Семь — сотрясение мозга разной степени. 

Шесть — сломанные и треснутые рёбра. 

Три — рассечённая бровь до видимости плоти. 

Два — закрытый перелом носа. 

Девять — химиотерапия. 

Шестьдесят пять — срезанные пуговицы с халатов врачей, вошедших в палату. 

Вначале, где-то очень глубоко внутри, впервые становится страшно за себя. Потом приходит смирение и равнодушие, как это было всегда. Частое головокружение. Дезориентация в пространстве. Вечно урчащий живот, потому что голодный, но поесть не можешь. Накатывающие волной приступы тошноты. Потемнение в глазах. Боль, соизмеримая с четырьмя сломанными костями одновременно. Вдох. Нехватка воздуха. Хрип. Сдавленный выдох. Очередной приступ. Выблёвыванье желудка. И так по кругу, пока лечащей врач не скажет одно заветное слово: — «Ремиссия».  
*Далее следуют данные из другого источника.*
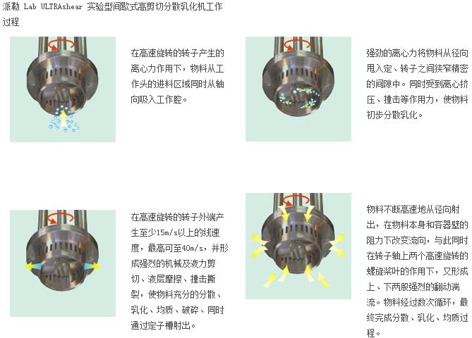 Lab smartShear 实验型高剪切分散乳化机分散原理:在马达的高速驱动下,物料在转子与定子之间的狭窄间隙中高速运动,形成紊流,物料受到更强液力剪切、离心挤压、高速切割、撞击和研磨等综合作用,从而达到分散、乳化、破碎的效果。被加工物料本身和物理性质和工作腔的数量以及控制物料在工作腔中停留的时间决定了粒径分布范围及均化、细化的效果和产量的大小。

Бесцветные пуговицы звонко брякали в убийственной тишине комнаты. Эндрю трясущимися руками перекатывал небольшую баночку из-под джема по подоконнику в попытках вынырнуть из-под толстого слоя льда воспоминаний. Это не был плохой день, когда прошлое дышало ему в затылок. Это было плохое, настоящие, которое поскуливало за дверью и медленно убивало. Он ненавидел свою память. Он её призирал так, как ничто и никого прежде. И он старался, правда, старался сконцентрировать расфокусированный взгляд на незначительных трещинках в обоях. Вслушаться в методичное биение пластика об стекло. Почувствовать своё дыхание, вернуться в тело и просто успокоиться, не бросая вызов раку, который охотно пожирал его изнутри. Но старания не всегда приводят к победе или хорошему результату, как и в этот раз. 
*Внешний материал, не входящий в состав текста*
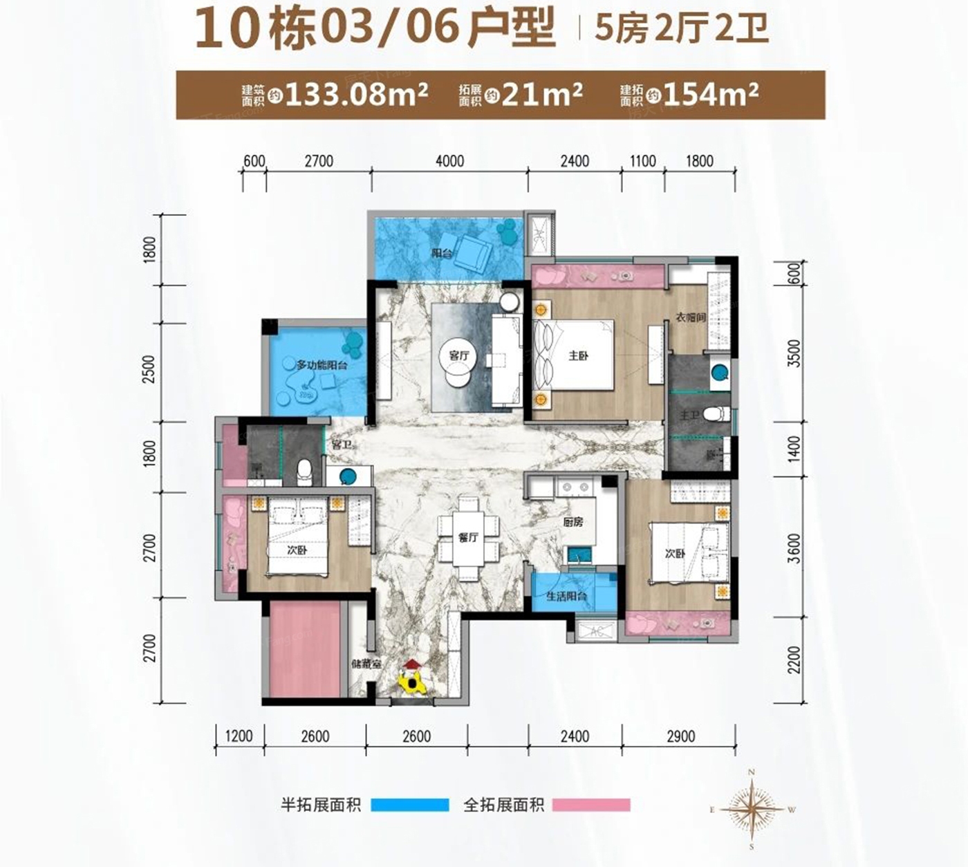 5室2厅2卫开元·西湖春天 平层户型·建面/133㎡

Эндрю подхватил переполненную банку в руки. Холодное стекло обжигало кончики пальцев ни чуть не меньше, чем пламя огня. Каждым миллиметром кожи ощущался неподъёмный вес такой хрупкой на вид вещицы. Эндрю — опора, непоколебимая стена и вратарь. Но рано или поздно в каждом щите появляется пробоина. И, как оказалось, он не исключение. Посильнее размахнувшись, он запустил баночку в бледно-серую стену. Эндрю с жадностью наблюдал за тем, как она сталкивается с холодной преградой. Как острые осколки с несущими только одно несчастье пуговицами разлетаются по комнате. Возможно, так он решил заткнуть жужжащие воспоминая, которые вызывали сильную мигрень. А может быть, хотел показать, что он не затворник своего прошлого. Но Эндрю не учёл одного: память не глупая склянка, которую можно разбить в дребезги, и она станет лишь мелкими кусочками чего-то целого. Она горазда больше, чем простые урывки прошлого. Она его часть. 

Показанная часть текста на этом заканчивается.